Vrouwen legden uit dat `een kind willen hun enige wens was’ en dat ze bereid waren `alles’ te doen om die in vervulling te zien gaan. Antwoorden op de vraag, waarom men een kind wilde, waren meestal: Alle vrouwen willen kinderen’, ‘Elke man wil een kind’, ‘Er is geen doel in het leven als je geen kinderen kunt krijgen’ en ‘Liefde willen geven aan een kind’.

Huwelijkse instabiliteit

Veel vrouwen vonden dat onvruchtbaarheid een ernstige bedreiging vormde voor hun relatie en maakten zich daar grote zorgen over. Vrouwen vreesden en ervoeren deze bedreiging op twee verschillende manieren: verlating en/of echtscheiding of ontrouw. De meeste informanten leken weerloos tegen de bedreigingen voor hun relatie en velen beschouwden vruchtbaarheid als een primaire functie van het vrouw-zijn. De meeste vrouwen leken deze rol niet in vraag te stellen en waren zich bewust van de gevolgen als ze hun `functie’ niet vervulden. Een informante zei: `Ik kan niemand zijn in de wereld als ik geen kinderen kan baren. Hij zal op zoek gaan naar een andere vrouw die wel kinderen kan baren’. Een ander verklaarde dat `het niet krijgen van een kind slechte verhoudingen in de familie veroorzaakt’ en dat sommige vrouwen om die reden het huwelijk vermeden. De invloed van de uitgebreide familie op de huwelijksrelatie kwam in verschillende interviews naar voren. Deze invloed was zowel positief (het bieden van steun en begeleiding) als negatief (een bron van misbruik en extra druk).

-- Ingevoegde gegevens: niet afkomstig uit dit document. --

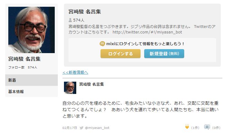 ホーム > 芸能 > 宮崎駿「心の穴を埋めるために、交配を重ねた毛虫みたいな小さな犬を連れてる人、本当に醜い」 2020/05/24 1: 風吹けば名無し 2020/05/24(日) 10:18:45.20 ID:kcKVERT80 続きを読む - 芸能
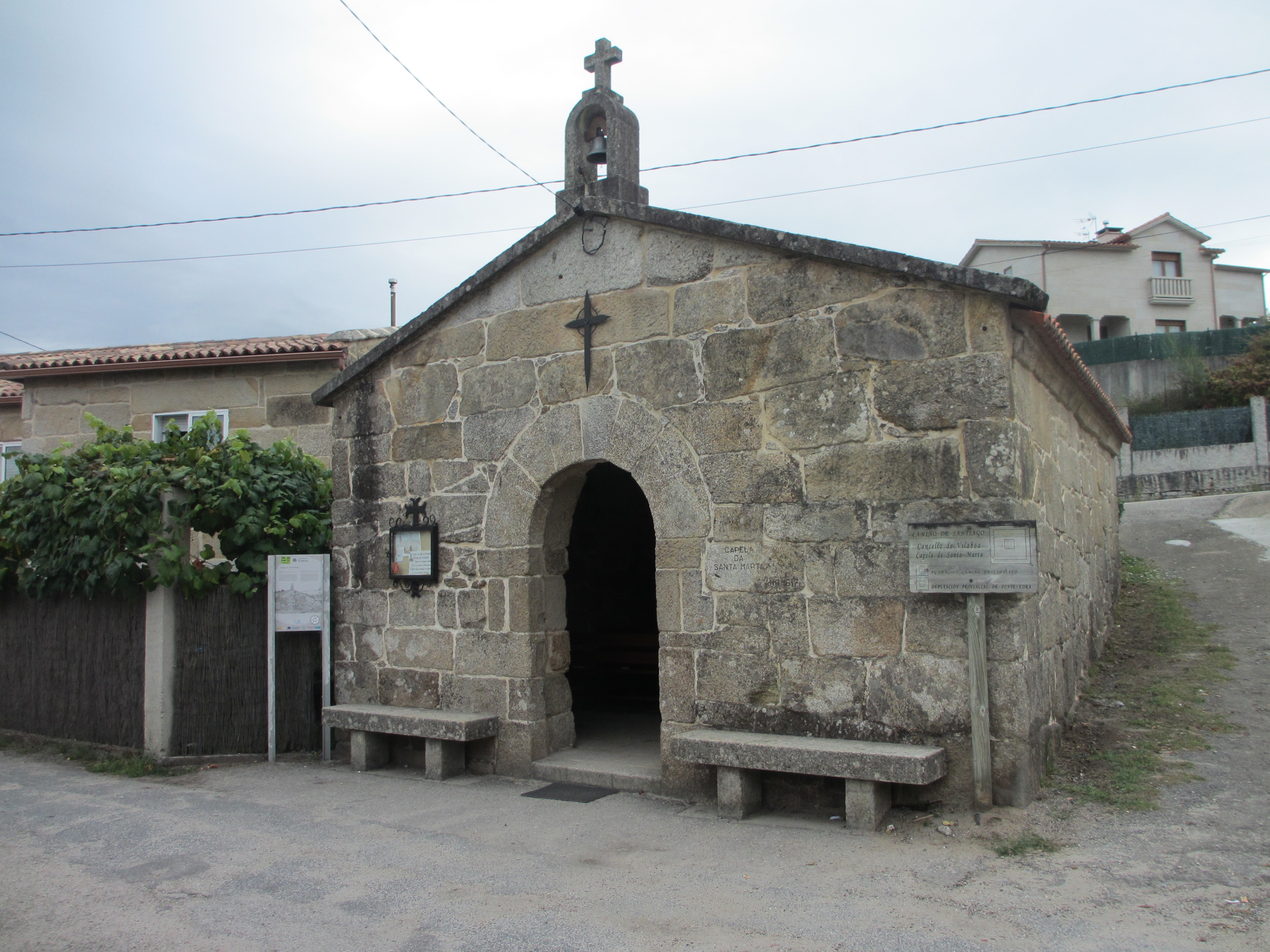 ポンテベドラのエリアに近づくとサンタ・マルタ礼拝堂があった。1617年と刻まれていた。看板にガリシア語とスペイン語で説明があった。
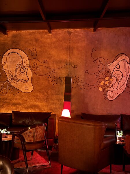 The bar hits you first. Tall, dramatic, quietly showing off. The whole place runs on a slower tempo. No one’s rushing you. No one’s hovering. The music sits in the background and lets you have a conversation. There’s this translucent wall behind the bar that looks abstract until you point your phone at it and suddenly the “error” reveals itself.
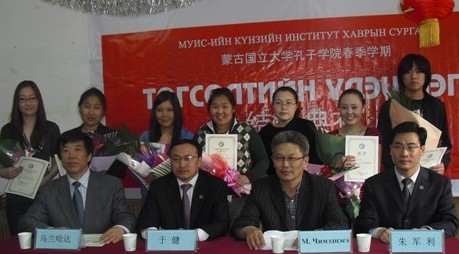 中新網(wǎng)5月26日電 據(jù)國(guó)家漢辦網(wǎng)站消息,5月21日,蒙古國(guó)立大學(xué)孔子學(xué)院隆重舉行了春季學(xué)期結(jié)業(yè)典禮。院長(zhǎng)于健、副院長(zhǎng)其米德策耶、院長(zhǎng)助理朱軍利及專(zhuān)家教師烏蘭哈達(dá)出席了結(jié)業(yè)典禮。
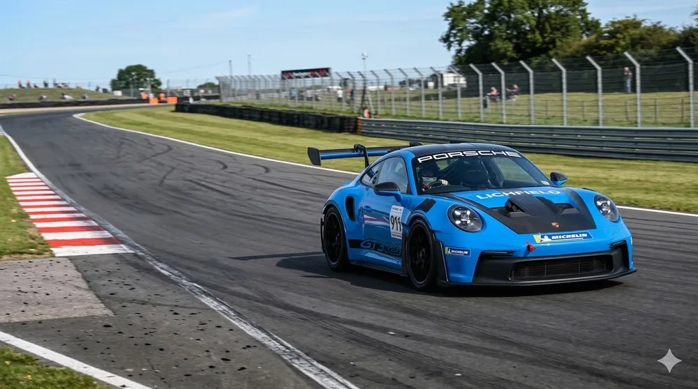 525 hp naturally aspirated 4-litre flat-six, rear-wheel drive, PDK transmission, active rear-wing aerodynamics. The GT3 RS is what Porsche builds when the road is incidental. At Tamworth's technical corners or Mallory Park's fast sweepers, its carbon-ceramic brakes and adaptive chassis reward every degree of commitment from the first lap to the last.
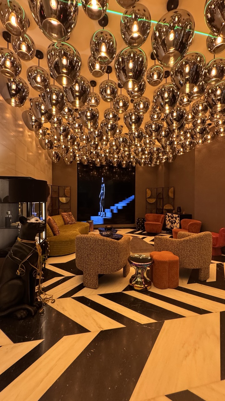 This photograph captures a luxurious and theatrical interior, where opulence and design intent converge in a visually arresting space. The cascading chandelier and bold geometric floor create a dynamic interplay of light and form, while the curated furniture and art installations lend a sense of narrative and personality. The image succeeds in conveying both grandeur and intimacy, though the sheer density of elements risks overwhelming the viewer’s eye.
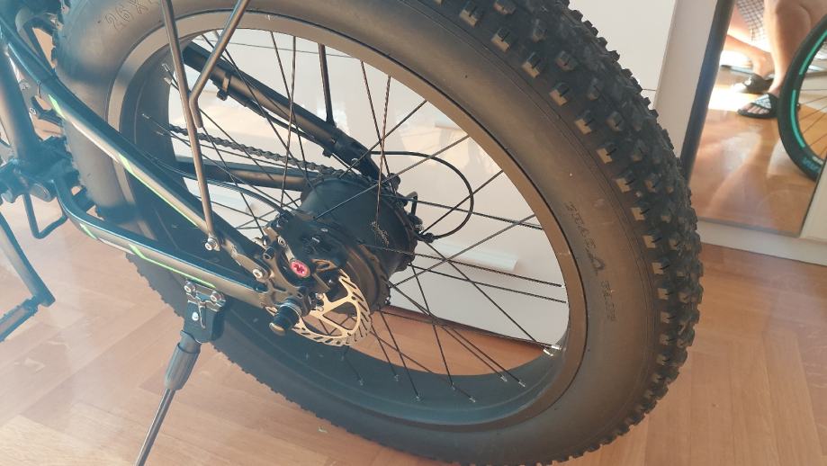 1000w motor, 12,8Ah baterija, dupla suspenzija, 26" fat gume. S njim dolaze ključevi, pumpa, alat i punjač.
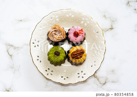 お皿にのったカヌレとピンクのマカロン - かわいいデザート・スイーツの素材
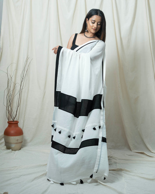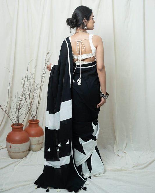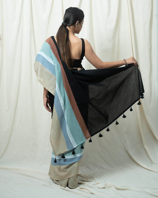 The saree is a chic beautiful blend of modern and ethnic look. Perfect for even office events. Especially the combination of black with all those vibrant colors looks stunning even from a mile. The whole fact that the idea of sustainability was kept in mind is the game changer.
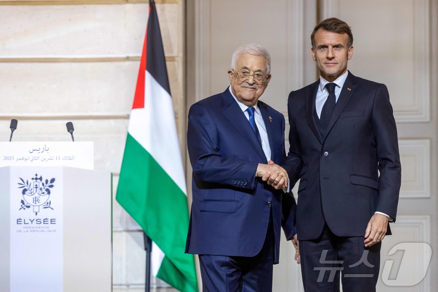 에마뉘엘 마크롱 프랑스 대통령이 11일(현지시간) 프랑스 파리 엘리제 대통령궁에서 마흐무드 아바스 팔레스타인 자치정부(PA) 수반과 공동 기자회견을 한 후 악수를 하고 있다. 2025.11.11./뉴스1 ⓒ AFP=뉴스1 ⓒ News1 이창규 기자 |
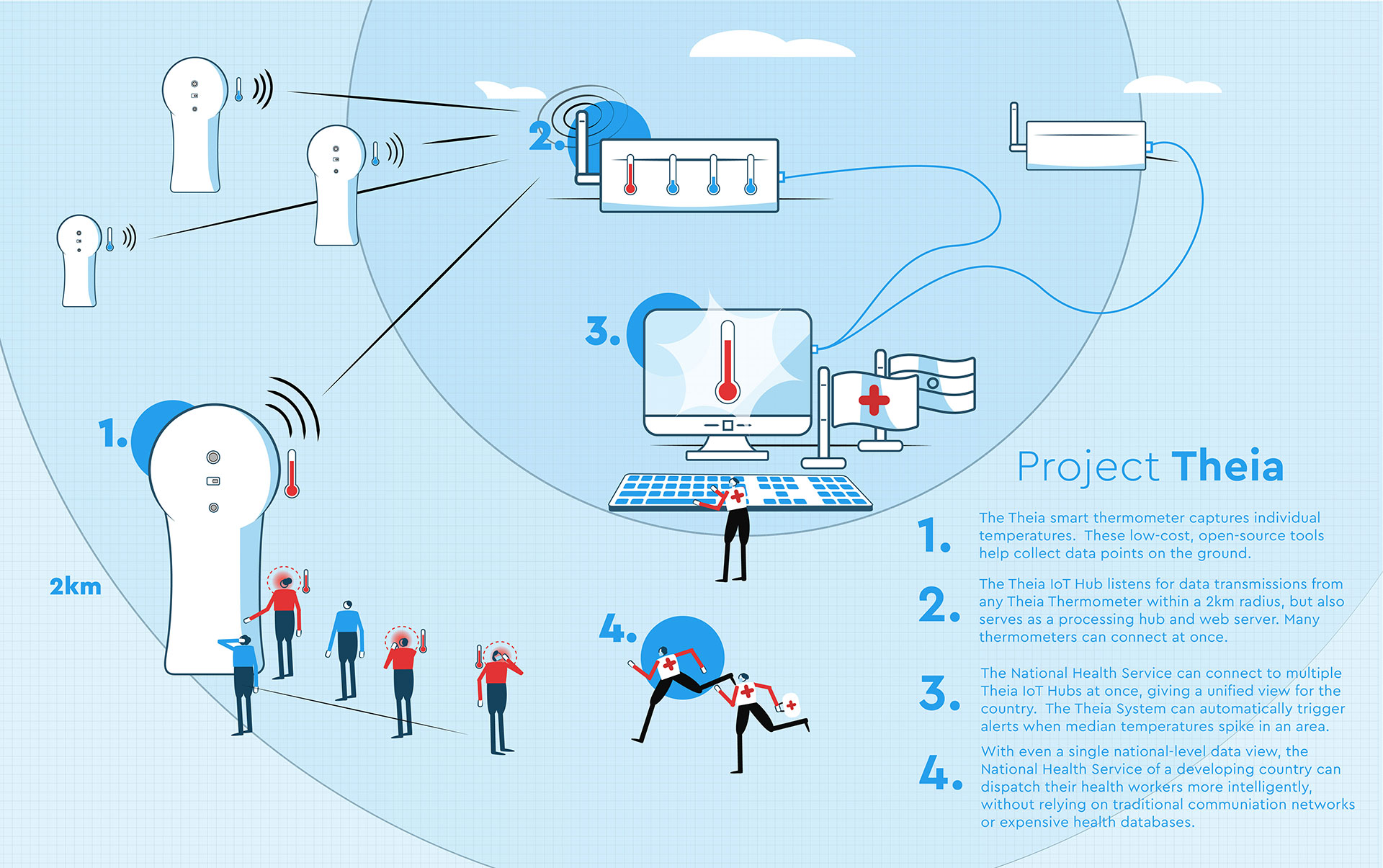 To address this, Theia collects real-time, on-the-ground contactless body temperature information. It sends the data to independent self-hosting data collection Hubs using ultra-long-distance IoT radios. The collected data is interpreted, analyzed, and served by the Hub (or multiple hubs), giving countries a functional, abet limited, real-time emergency health data layer to more intelligently deploy their health services more effectively than before.
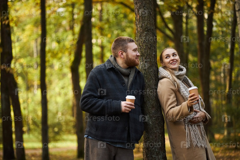 Молодой мужчина и молодая женщина улыбаются и пьют кофе в осеннем лесу
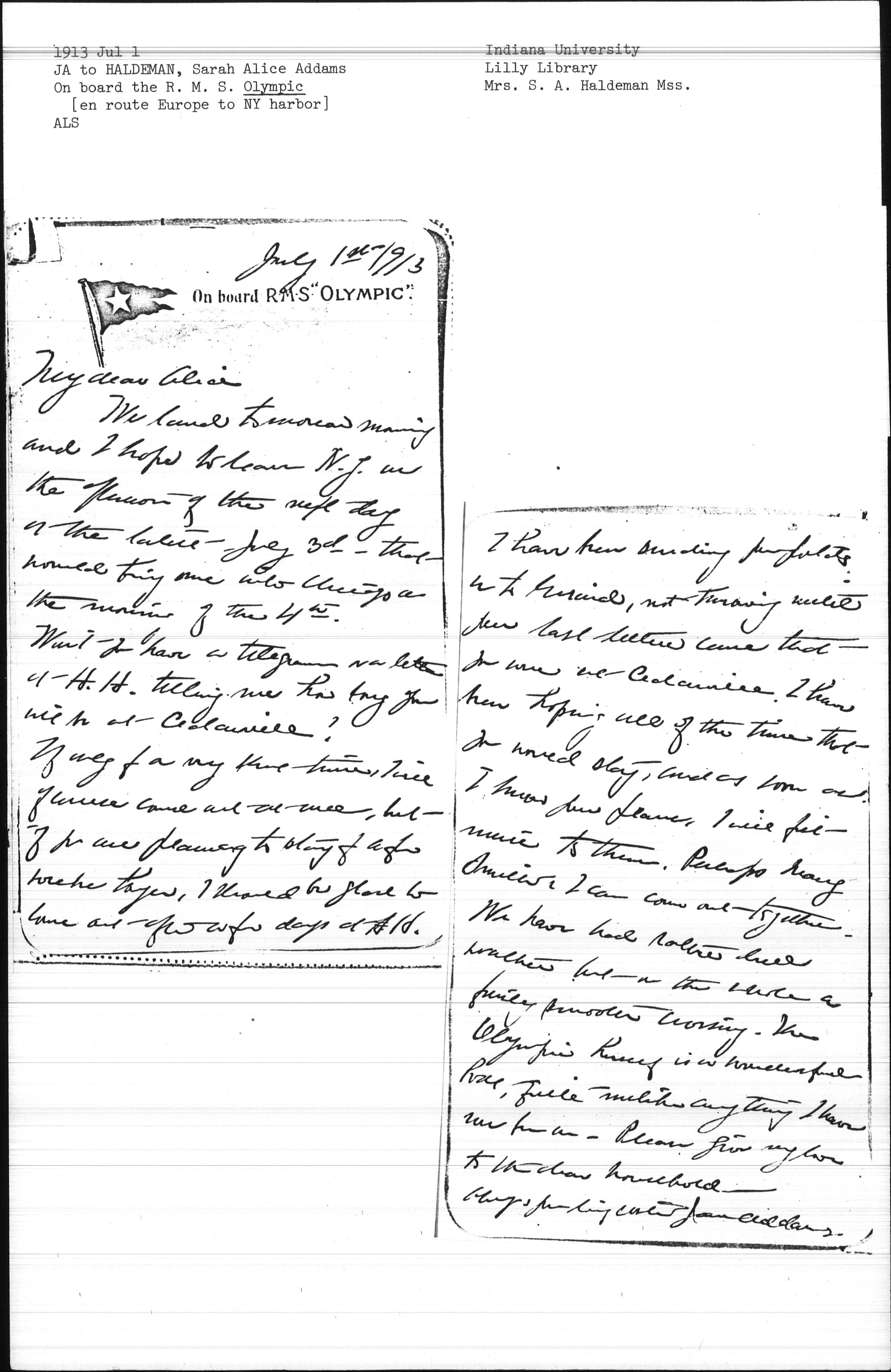 If only for a very short time, I will of course come out at once, but if you are planning to stay for a few weeks longer, I should be glad to come out after a few days at H. H. [page 2] I have been sending pamphlets on to Girard, not knowing until your last letters came that you were at Cedarville. I have been hoping all of the time that you would stay, and as soon as I know your plans, I will fit mine to them. Perhaps Mary Smith & I can come out together. We have had rather dull weather but on the whole a fairly smooth crossing. The Olympic herself is a wonderful boat, quite unlike anything I have ever been on. Please give my love to the dear household.

Door toe te geven aan de gevolgen van onvruchtbaarheid werd ook weerspiegeld in de ervaring van deze vrouw: `Toen begon mijn man kinderen te krijgen buiten ons huwelijk … . Ik ging zelfs met hem mee om al zijn kinderen te bezoeken.’ Een paar vrouwen dachten er zelf aan om de relatie te verbreken, maar niet zonder angst: `Ik heb ’s nachts wakker gelegen en gedacht wat gaat hij doen? Gaat hij ergens anders heen of blijft hij bij mij…… Ik zal hem zijn vrijheid geven … hij kan nog steeds een leven voor zichzelf maken.’ Sommige van de moslimvrouwen vreesden dat de echtgenoot een tweede vrouw zou nemen. Een informante legde uit dat volgens hun geloof de echtgenoot de zegen van de eerste vrouw moet hebben voordat hij een tweede vrouw mag nemen. Maar dit is niet vereist van een vrouw die niet zwanger kan worden.

Niet alle vrouwen voelden zich bedreigd in hun relatie. Verscheidene vrouwen beschreven hun echtgenoot als ondersteunend en begripvol. Zij vertrouwden hun partner en zagen hem als een vriend, vaak als hun enige vriend. Sommige vrouwen uitten hun bezorgdheid en sympathie voor hun echtgenoten. Zij hadden het gevoel dat ook zij “veel misten”. Een paar vrouwen waren echter bezorgd dat een goede relatie zou kunnen veranderen als het probleem van onvruchtbaarheid zou aanhouden. Misschien als hij er zeker achter komt dat ik geen kinderen kan krijgen, kan hij me slecht gaan behandelen, maar nu behandelt hij me nog steeds goed.’

Hoewel vrouwen de grootste last van de sociale gevolgen van onvruchtbaarheid leken te dragen, waren er aanwijzingen dat ook de rol van mannen bedreigd kon worden. Als hij me geen kinderen kan geven, kan ik eigenlijk doen wat ik wil. Hij is de man en de hoofdfiguur in de gezinseenheid, maar als hij het niet kan afmaken, is hij niet langer de hoofdfiguur”, zei een vrouw.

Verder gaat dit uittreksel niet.